## The data
== Segment start ==
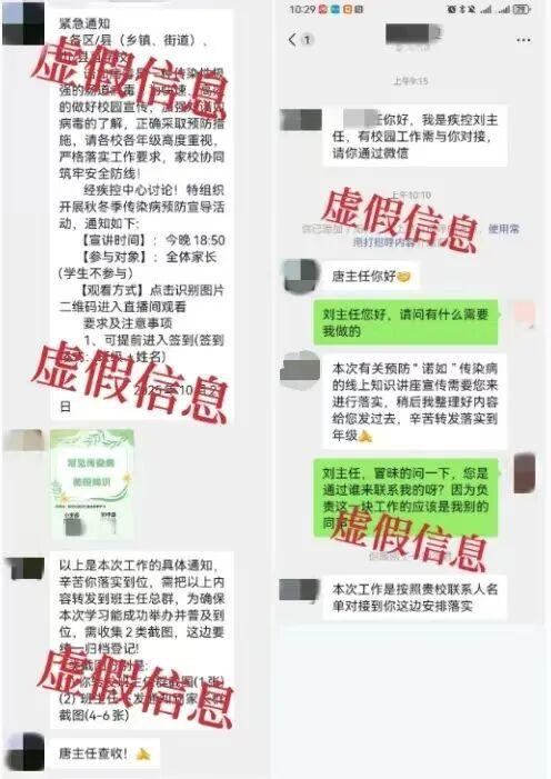 詳情:近日,我們注意到有不法分子假冒疾控中心工作人員,以電話、電子郵件等方式聯繫我市一些社區、街道、學校及家長,要求轉發其提供的《關於組織觀看“秋冬季傳染病預防宣導”的通知》等直播鏈接或二維碼,並要求組織轄區學生及家長觀看,從事可疑詐騙活動。請廣大市民提高警惕,謹防上當受騙。
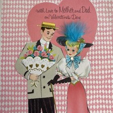 Vintage Mid Century Valentine’s Day Greeting Card Well Dressed Couple Feather
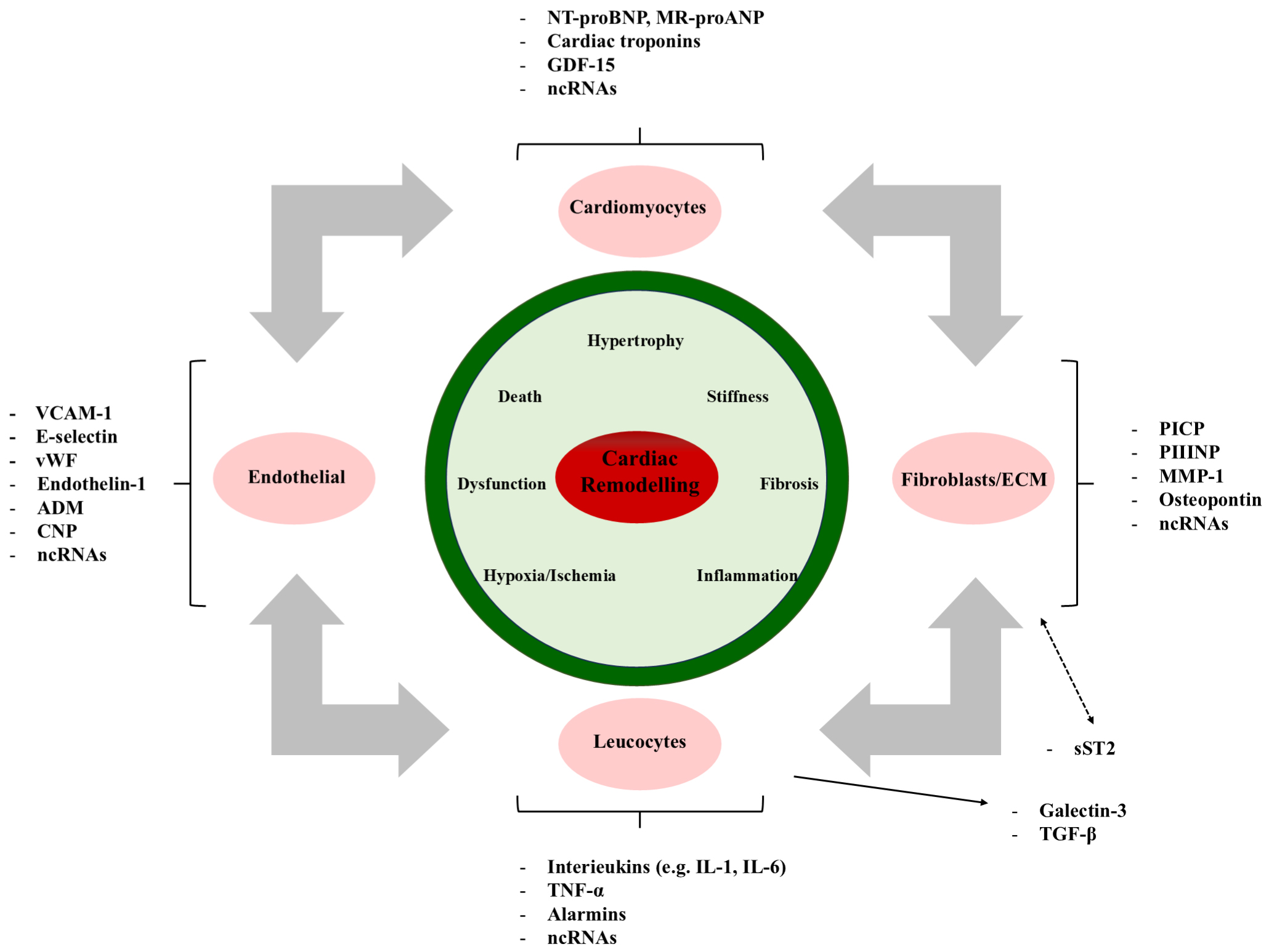 Fig. 2. The molecular mechanisms of cardiac remodeling involve various pathophysiological stimuli. VCAM-1, vascular cell adhesion molecule-1; ADM, adrenomedullin; CNP, C-type natriuretic peptide; BNP, B-type natriuretic peptide; GDF-15, growth differentiation factor 15; EVs, extracellular vesicles; PIIINP, procollagen III N-terminal propeptide; MMP-1, matrix metalloproteinase-1; TNF-
== Segment end ==
## Work to complete
After dropping the pictures, please set down the lines from the beginning of the listing through the line containing "Vintage Mid Century", both included, exactly as they stand.

## Solution below
 詳情:近日,我們注意到有不法分子假冒疾控中心工作人員,以電話、電子郵件等方式聯繫我市一些社區、街道、學校及家長,要求轉發其提供的《關於組織觀看“秋冬季傳染病預防宣導”的通知》等直播鏈接或二維碼,並要求組織轄區學生及家長觀看,從事可疑詐騙活動。請廣大市民提高警惕,謹防上當受騙。
 Vintage Mid Century Valentine’s Day Greeting Card Well Dressed Couple Feather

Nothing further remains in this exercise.